A great sigh of relief for many individuals wondering how they are going to pay their student loans during this time. The new CARES act includes a deferral for six months on federally backed student loan payments and interest. This deferral poses the same planning opportunity for people as the original 60-day deferral. A person with federal loans that qualify could apply for the forbearance (if an application is needed, check with your loan servicer), and do one of two things:
- If you need the extra cash-flow right now, you could skip student loan payments until after September 30th (if you are eligible). The flipside to this is strategy is that your loan payments will extend for an additional six months on the tail end of the life of the loan. You also lose the opportunity to pay down the loan principal during this 6-month interest-free grace period.

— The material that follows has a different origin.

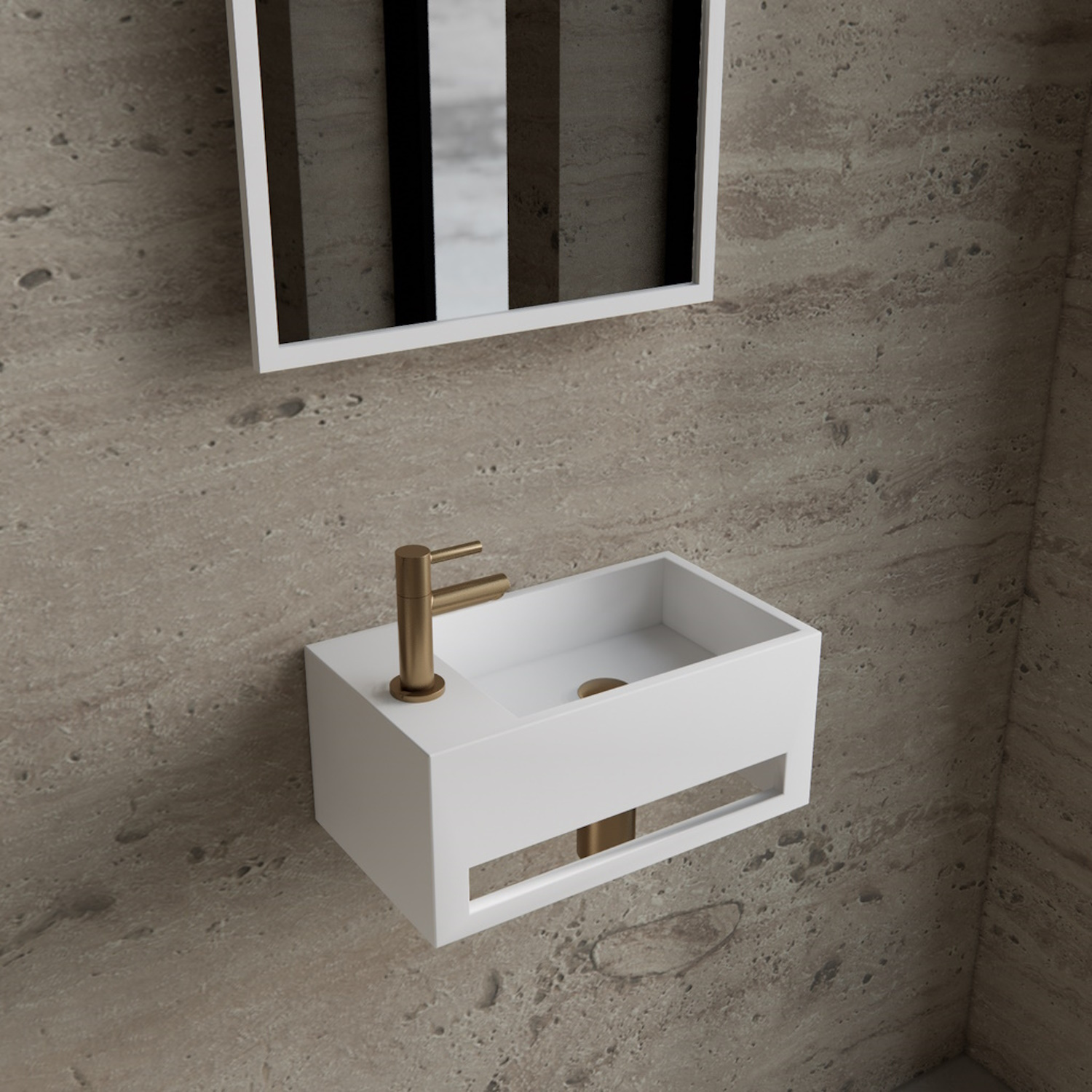 Dit fontein is gemaakt van Solid Surface, een composiet geproduceerd uit mineralen en harsen. Dit materiaal is zeer bestendig tegen vocht, vlekken, en zelfs chemische stoffen. Er trekt dus niets in, is niet poreus en heeft een intense kleur en is gemakkelijk schoon te houden. Omdat het door en door van hetzelfde materiaal bestaat, kunnen eventuele beschadigingen weg gepolijst worden. Ideaal dus in de badkamer of het toilet!
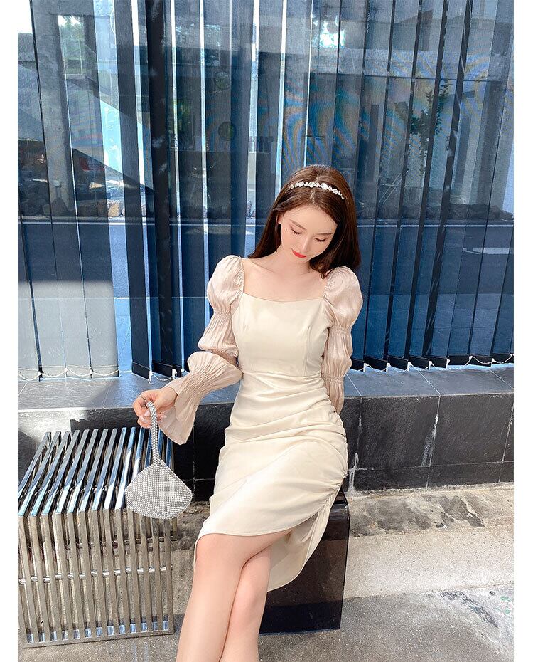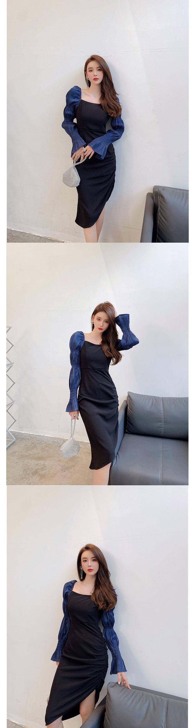 2021年秋新しいクールウィンドレディースハイエンドライトラグジュアリーデザインプリーツスクエアカラーイレギュラードレス オータム 秋物 スクウェア yingd69861282043

- If you are financially able, we highly recommend taking your regular monthly payment each month, or even partial payment, and put it in a savings or low-risk investment account. Come September 30th, or whatever date the interest forbearance ultimately expires, that money can still be paid towards the loans with a lump sum payment by September 30th. This option allows you to stay in the same position as if you paid each of the six months’ payments, but still hold onto the cash from the payments in case it becomes needed before the interest forbearance ends. You can also start with this second tactic and switch halfway through if needed.
Where to Start
Contact your loan servicer to confirm if your loans qualify for the relief and if any action is needed to obtain forbearance from payments. Many servicers have the required information on their website, and you can log-in and check if your loans qualify. Review your cash flow for the next six months and determine which approach makes sense for your financial situation.